Bartek Kołdej
dyrektor graficzny
Urodził się, bo nie miał na to wpływu. Eksperymentował z edukacją, bo nie miał pojęcia, czym się w życiu zająć. Do pracy trafił przypadkiem i został, bo mu się spodobało.
Nie idzie na łatwiznę – zamiast po prostu połamać sobie nogi, biega na długich dystansach, by potem przez kilka dni nie móc normalnie chodzić.

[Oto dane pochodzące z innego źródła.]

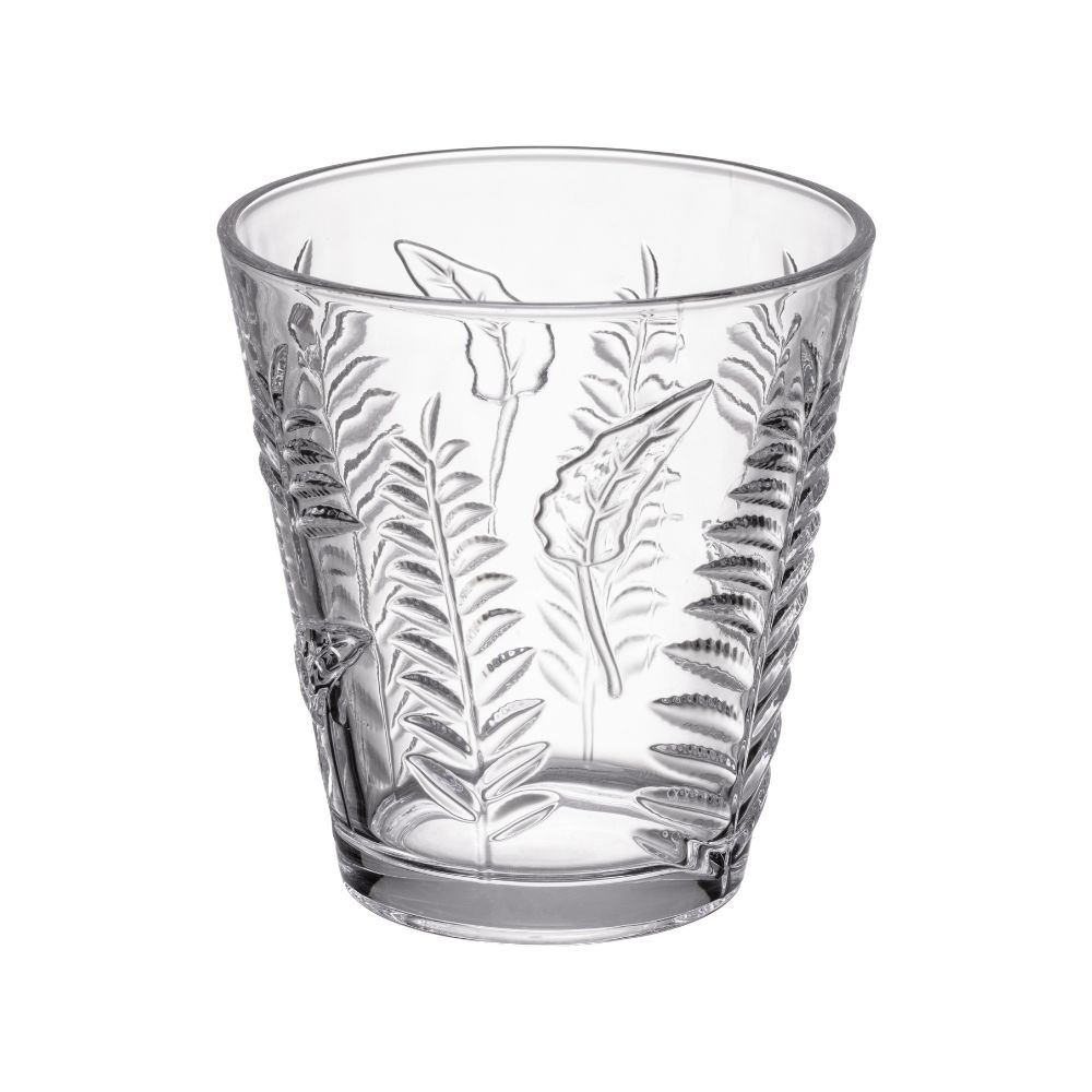 Stylowa szklanka HOLLY o pojemności 310ml wyróżnia się eleganckim, roślinnym wzorem tłoczonym w szkle. Jej subtelna dekoracja nadaje wyjątkowego charakteru, dzięki czemu doskonale sprawdzi się zarówno w codziennym użytkowaniu, jak i podczas spotkań przy stole.
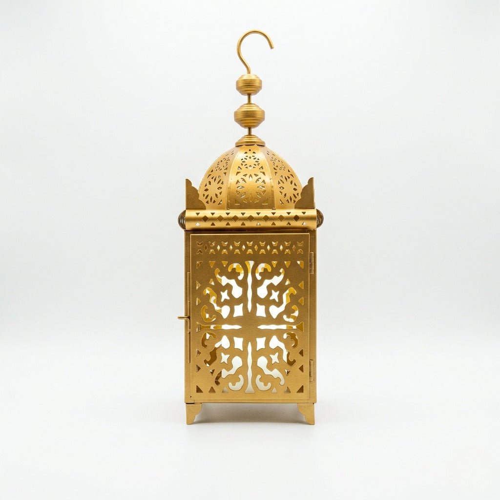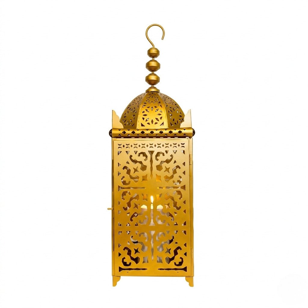 Illuminate your Ramadan décor with the captivating elegance of our Gold Masjid Lantern Collection. Each lantern features a beautifully sculpted dome inspired by traditional Islamic architecture, paired with intricate filigree panels that cast mesmerizing patterns of light across your space. Designed in four versatile sizes, these lanterns blend heritage craftsmanship with luxurious modern finishing.
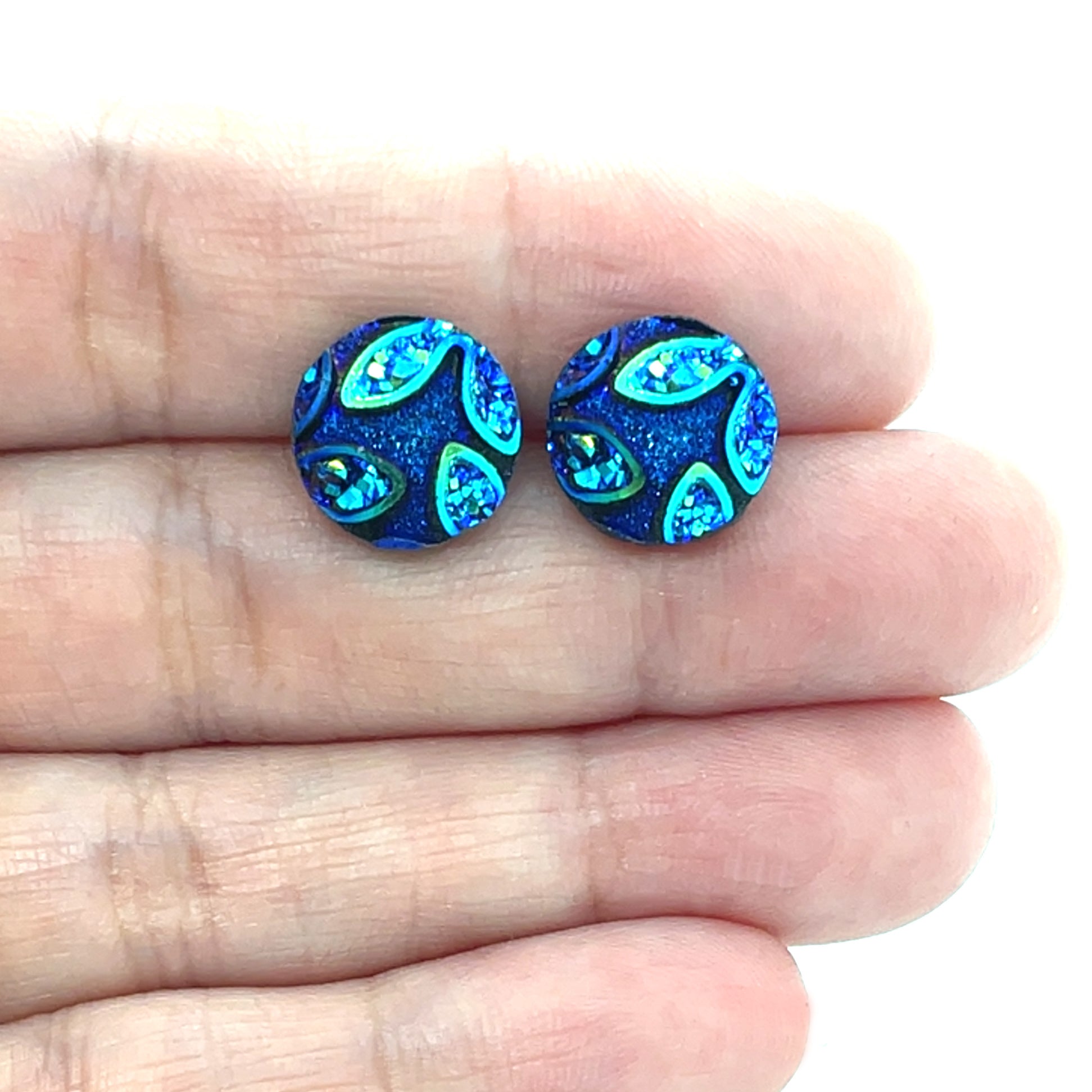Sparkly Floral Cabochon Stud Earrings, 12mm
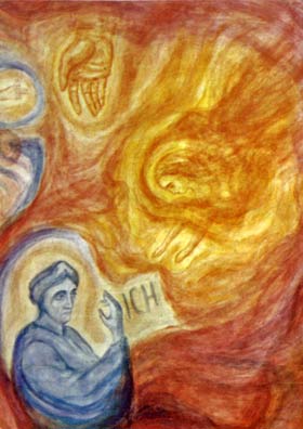 Faust als typischer Repräsentant unserer Zeit, der ein aufgeschlagenes Buch betrachtet, in dem das Wort ICH (hier geschrieben als «JCH», womit zugleich auf die Initialen des Jesus Christus hingewiesen wird) zu lesen ist / Ausschnitt aus der Deckenmalerei an der kleinen Kuppel des ersten Goetheanums / um 1918
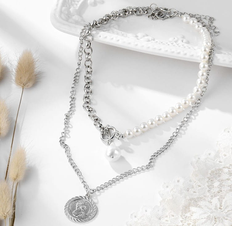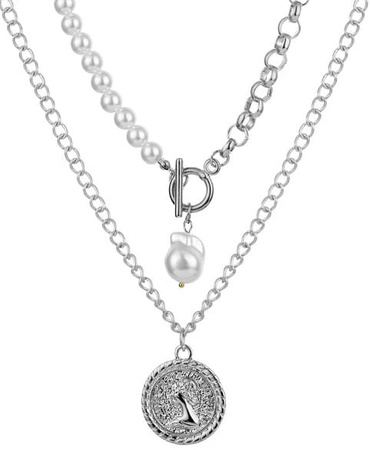 Lanțul de perle din aur pe care îl oferim este decorat cu elemente suplimentare sub forma unui pandantiv frumos, care face aluzie prin forma și culoarea sa la monedele antice tradiționale. De asemenea, este demn de remarcat al doilea element decorativ sub forma unui pandantiv cu perle, situat sub închizătoarea elegantă a lanțului. Toate elementele pe care le are acest lanț din aur cu perle sunt realizate foarte atent, ceea ce îi sporește valoarea estetică.
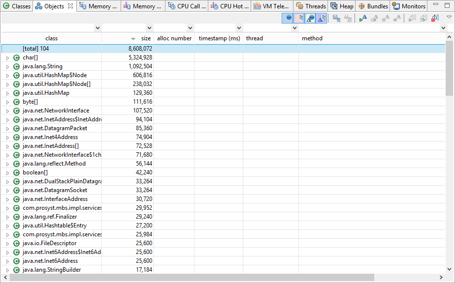 mBProfiler allows you to filter the displayed profiling data thus allowing you to analyse it on smaller portions. For example, you can examine the allocated memory only for the classes part of the java.util package. The fields where you can enter filters are located at the top of each table column of each view except for VM Telemetry.
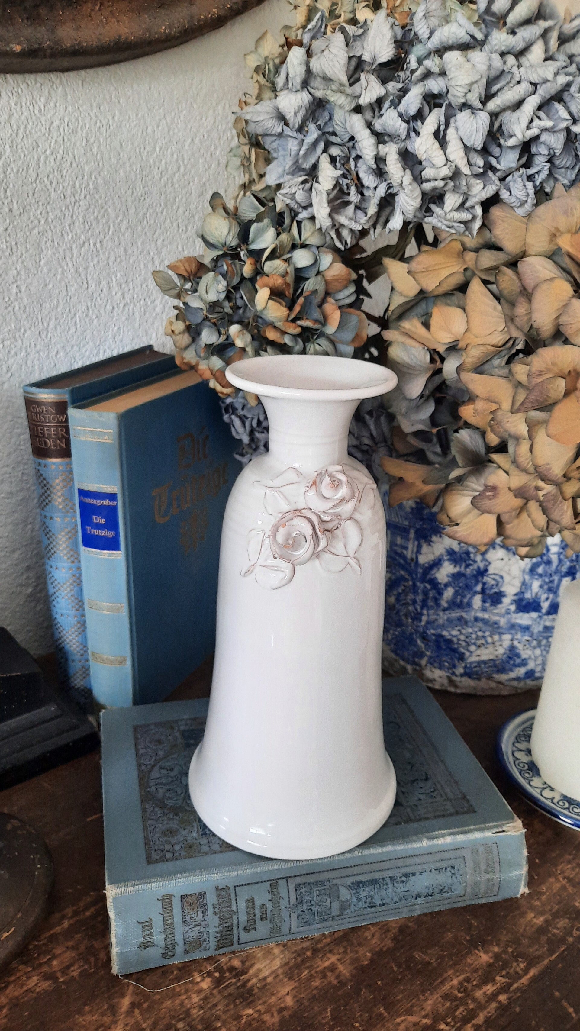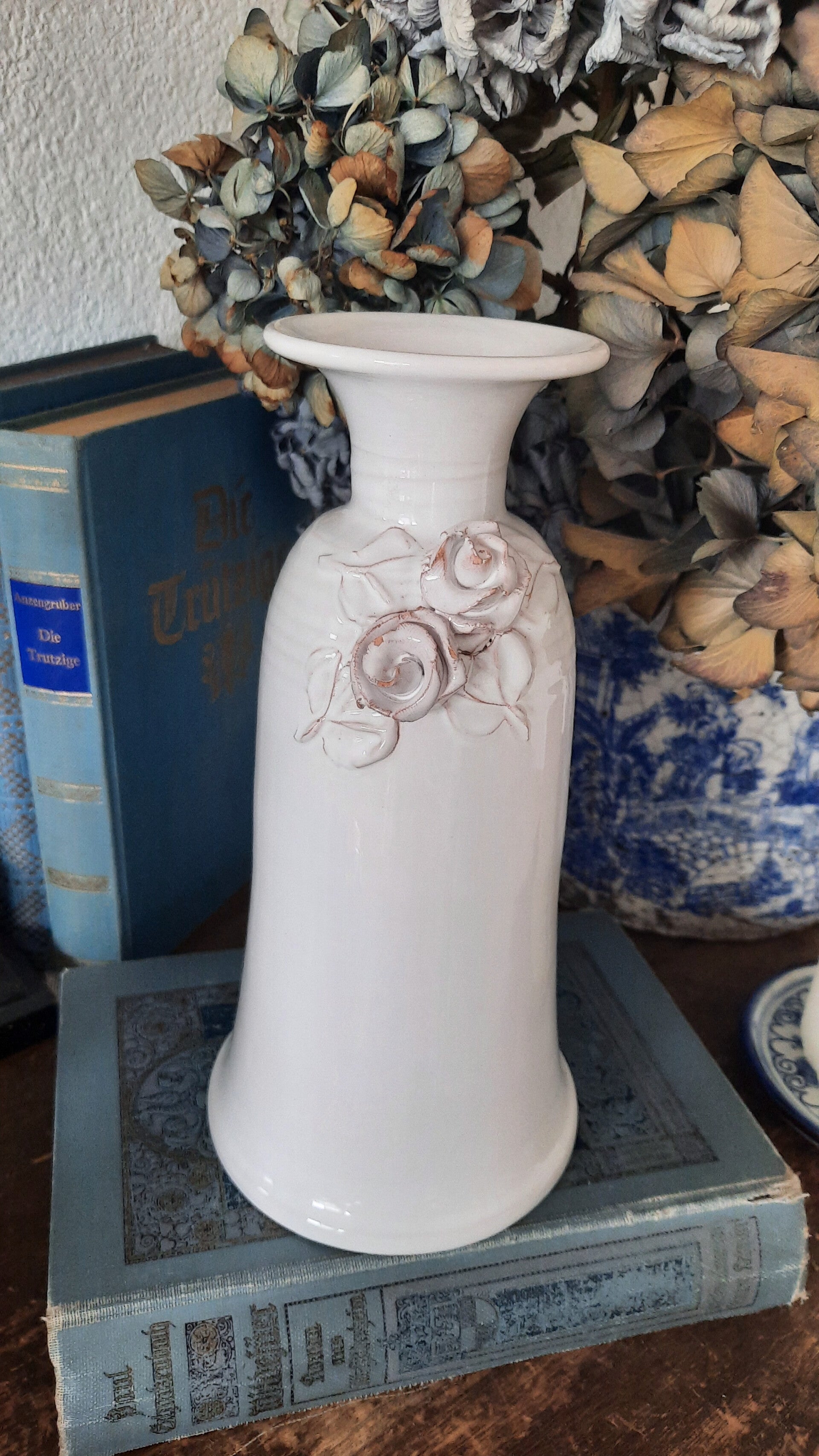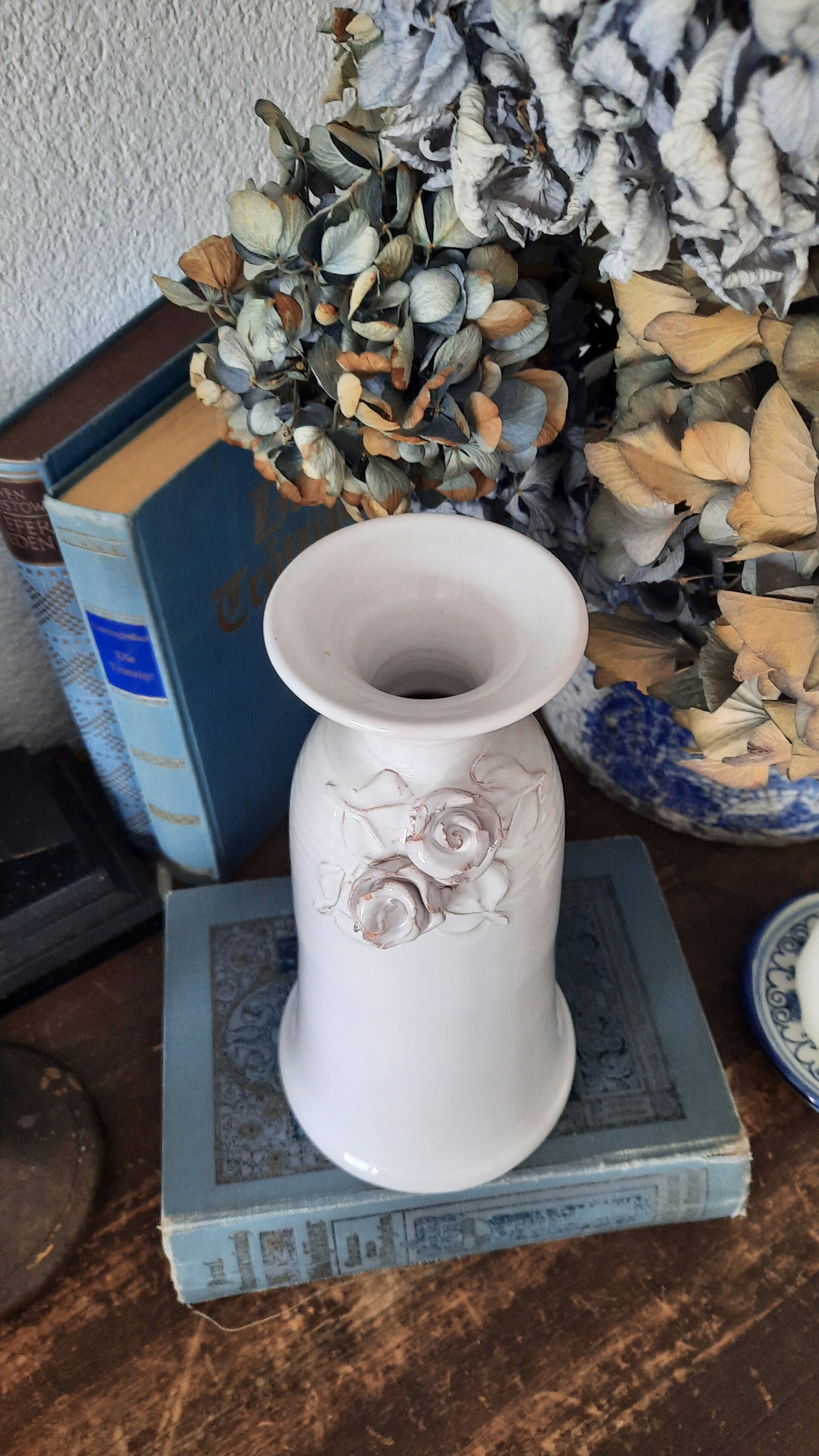 A lovely ceramic vase featuring beautiful raised white roses with light pink edges on the petals.
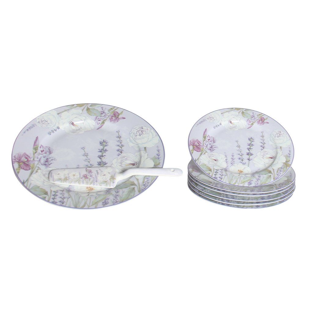 HOME ELEMENTS Tortová súprava: tortový tanier, 6 x tanier, tortová lyžica, Levanduľa
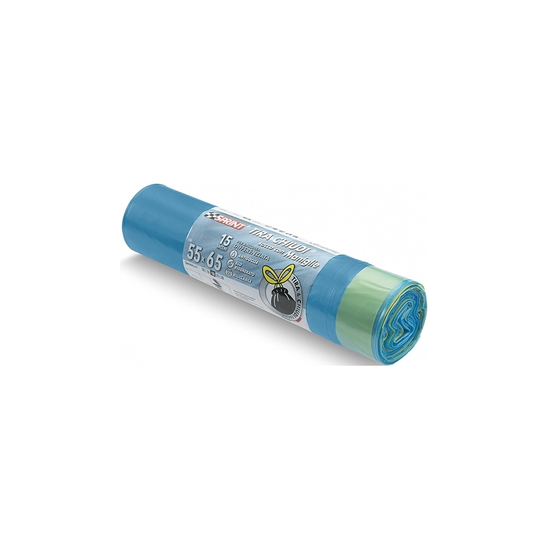 Sacchi in polietilene con maniglie tira e chiudi. Saldatura laterale estesa antigoccia. Rotolo da 15 sacchi. Dimensione 55x65, litri 45. spessore 18 micron. Modello = colore
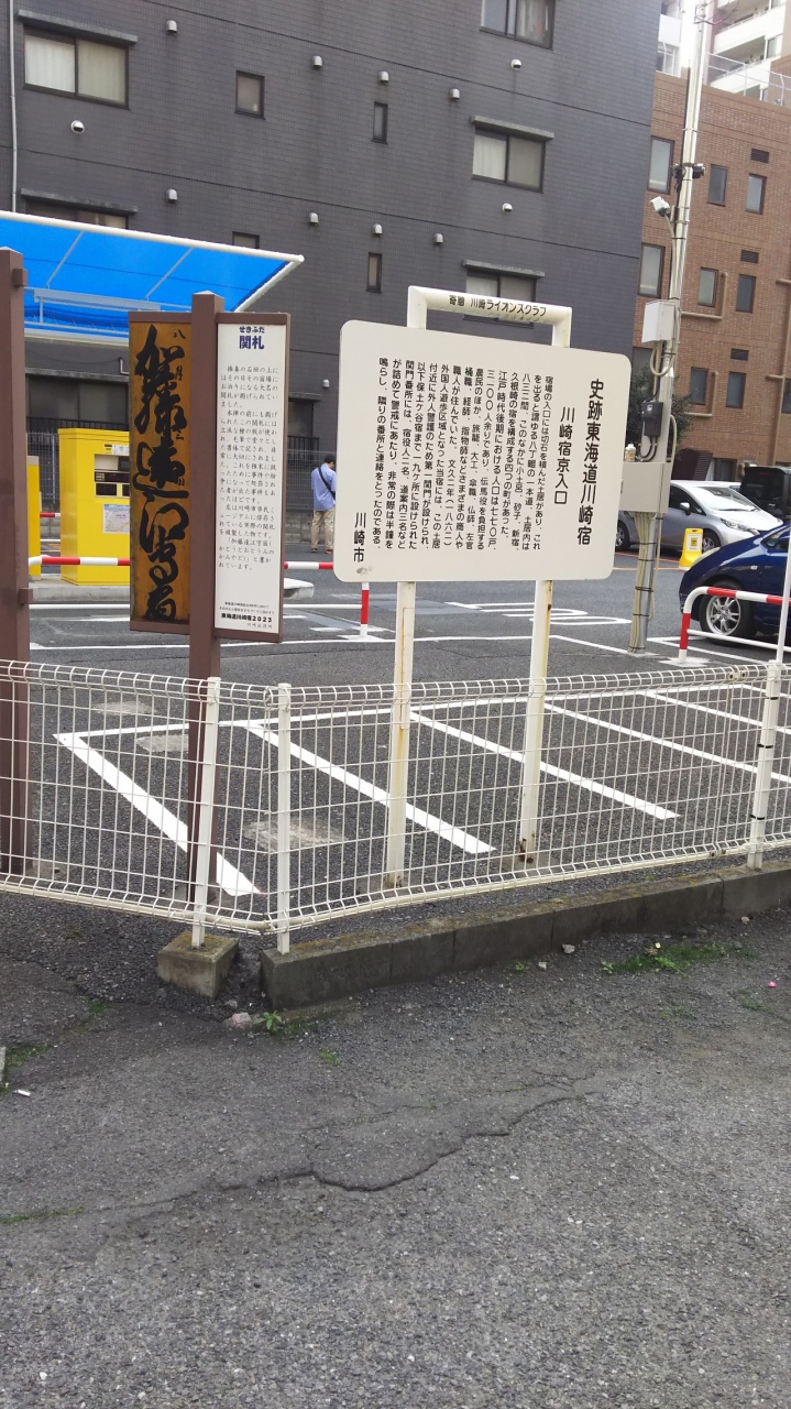 川崎宿の入り口があったと言われる場所です。いまは駐車場になっています。
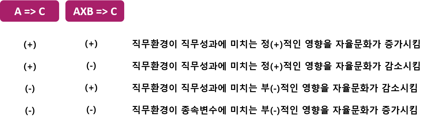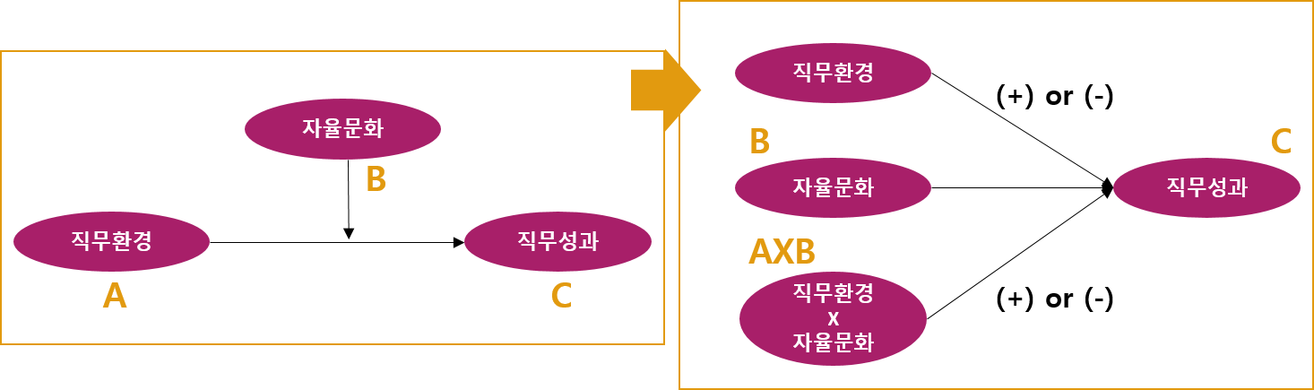 두 가지 유형의 조절효과 분석방법을 예로 들어보겠습니다. 기업에서 직무환경이 직무성과에 미치는 영향을 검증한다고 하면, 여기서 자율문화를 조절변수로 사용하기로 가정합니다.
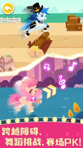 3.小马上场了!四大主题锦标赛:障碍赛跑、高空射击、彩蛋迷宫、舞蹈比赛,让小马展示自己的技能。
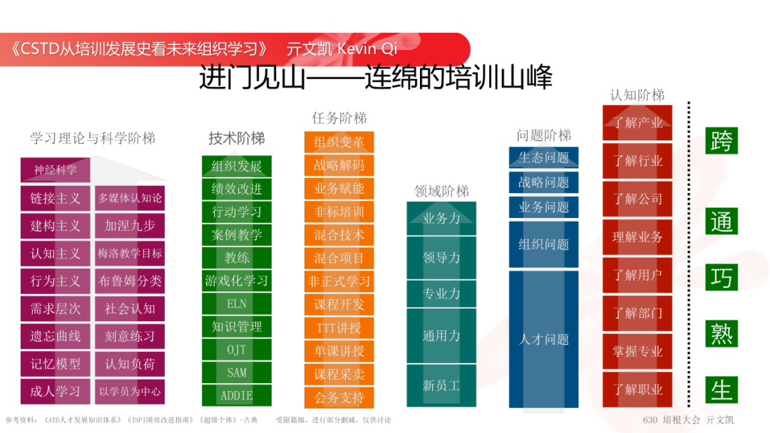 关于培训专业的技术进阶体系,我们刚才梳理了绿色阶梯部分——从基础的教学设计(id)到组织成长技术(ogt),再到绩效改进、教练技术直至组织发展(od),这五个层级构成专业纵深。但完整的知识版图远不止于此,认知科学、问题诊断、领域专精、学习工程等维度各自形成独立的知识峰峦。
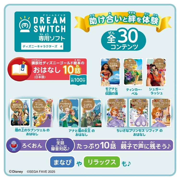 ●DREAM SWITCH(ドリームスイッチ)で「塔の上のラプンツェル」や「モアナと伝説の海」、「ちいさなプリンセスソフィア」等の読み聞かせができる専用ソフトです。
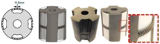 In order to lessen the torque ripples and windage loss, a novel skew rotor design for switched reluctance machines was proposed. It has 2 mm thick ribs with 0.4 mm diameter holes in a honeycomb structure as shown in Figure 4. Using the conventional process, it was challenging to construct this rotor design. The AM method of PBF is used to build the prototype for this rotor design. Additionally, the 45% decrease in the machine’s torque ripples profile was shown by the experimental results [41].

Gazet nie czyta – sprawdza, co można by zrobić lepiej. Prawdopodobnie nie istnieje, bo nie ma go na Facebooku. Chciał mieć basseta, więc jest posiadaczem dwóch kotów. Lubi ciepło, dlatego zapewne od kilku lat wyjeżdża na wakacje do Skandynawii.
Mistrz zen (gdy wszystko wokół się sypie) i ciętej riposty (gdy ktoś zadaje niemądre pytania).
W dzisiejszych czasach mógłby zostać politykiem (tak obca mu jest dyplomacja).
Zabić go może tylko rutyna oraz… żona – gdy zbliża się zamknięcie numeru. To ona napisała biogram, bo on, jak zwykle, jest zarobiony.